17th November, 2016
Trump’s In, Let It Begin…
Where the people are voting for political estrange,
First Brexit, then Trump,
Next Europe to supply the bump,
Incomes haven’t risen, people aren’t heard,
It was only a matter of time until all this occurred,
It seems there will be a shift, from monetary to fiscal,
Infrastructure, tax cuts and possibly Yellen’s dismissal,
Whatever the policy, it should benefit working people,
With the ultimate aim of making everything more equal,
Will it succeed? No one knows yet,
One things for sure, no future is set.
At one point on 9th November, financial markets were preparing to open 5% lower. Enter “Brexit Playbook 2.0”, as initial panic gave way to increasing optimism.
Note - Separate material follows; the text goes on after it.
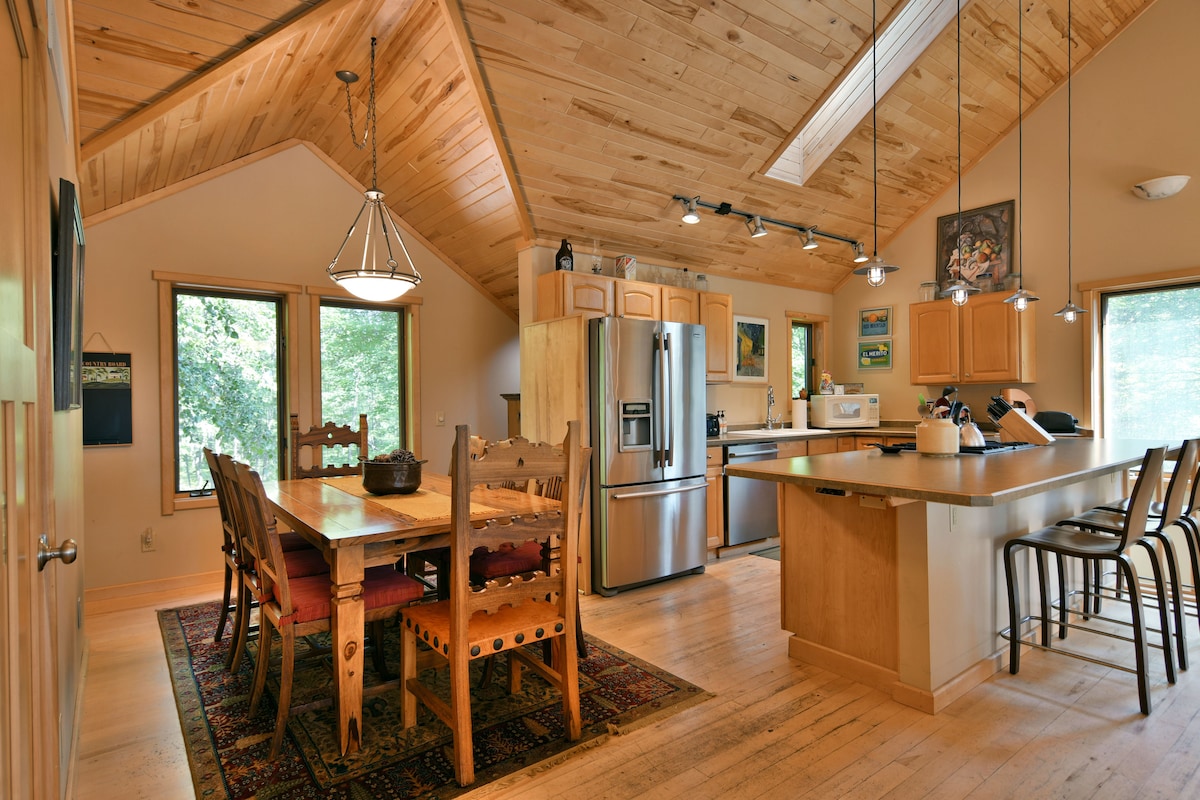 Relájate en nuestra encantadora cabaña de madera de 1 dormitorio ubicada en el corazón de la naturaleza. Perfecto para una escapada romántica o un fin de semana tranquilo, este sereno refugio ofrece más de una milla de senderos boscosos, ideales para largas caminatas, esquí de fondo o raquetas de nieve. Relájate junto al puente cubierto y echa una caña para disfrutar de una tarde tranquila de pesca, o simplemente observa a los ciervos pasear desde la puerta de tu casa. Ya sea que busques soledad o aventura, este es el mejor lugar para desconectarte y recargar energías.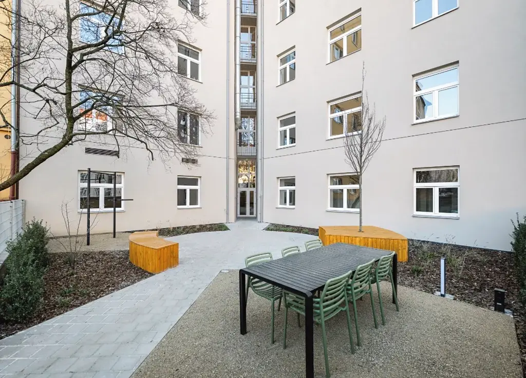 Součástí rezidence je k dispozici kočárkárna, menší posilovna a vnitroblok s posezením a sportovištěm.

In what was one of the most astounding trading sessions ever, the US market went from -4.4% to 1.4% in the matter of hours. “Oh dear, we could be on the brink of World War 3” went to “mmm, cutting taxes could boost the economy.”
In fact, it is still pretty unclear which version of the new President will turn up on January 20th (that’s when he officially takes office), the brash, authoritarian who was there for most of the campaign trail, or the empathetic and considered fellow who turned up to thank Hillary Clinton on election morning. Given the complexity of the US political system, our first thoughts are that we will see a dumbed down version of the Trump political agenda. The Great Wall of Mexico and the crazy immigration policies will be voted against (even by his own party), with the more mainstream; namely tax cuts and infrastructure spending; forming the focus of the next administration.
Theoretically speaking, these should lead to better economic prospects for the US. Less tax on individuals and businesses “should” stimulate more spending and business investment. However, confidence is a big factor. With the little bit of extra pocket money, people will face the choice of spending more, or paying down their mortgage and credit cards. Given last week’s rioting and the scale of concern across the world, I would say the big man has a long way to go before he instils the confidence needed to get everyone spending.
In addition, Donald has set out quite a protectionist agenda. He would like to scrap or amend some of the US’ key trade deals and impose tariffs on Mexico and China. Neither are good for overseas relations. The potential effects of this type of policy could counter his drive to stimulate internal economic growth, likely creating inflation and further uncertainty instead.
To summarise, no one – including Mr Trump – knows for sure what he will be able to do in the next four years. He has campaigned for revolutionary policy, but the outcome is likely to be a heavily watered-down version of his rhetoric. Economic progress will depend on the trade-off between growth-improving tax cuts and infrastructure spending, and the negative effects of policy uncertainty and poorer foreign relations. A redistribution of wealth and improved equality doesn’t seem a likely outcome either way.
Turning to the portfolios, Trump’s victory has not changed our current investment views. We remain cautious in the short-term, mindful that political events play an increasingly influential role in market sentiment and investor behaviour. There remain plenty of scope for political surprises. Over the next 18 months or so we have an abundance of European events that could tip the balance on the long-term prospects of the Eurozone. This starts with the Italian vote on reform on 4th December, so expect markets to quickly turn their attention to this event next. We will of course keep a very close eye on proceedings, avoiding the risks for now but picking up the subsequent opportunities as and when they are presented.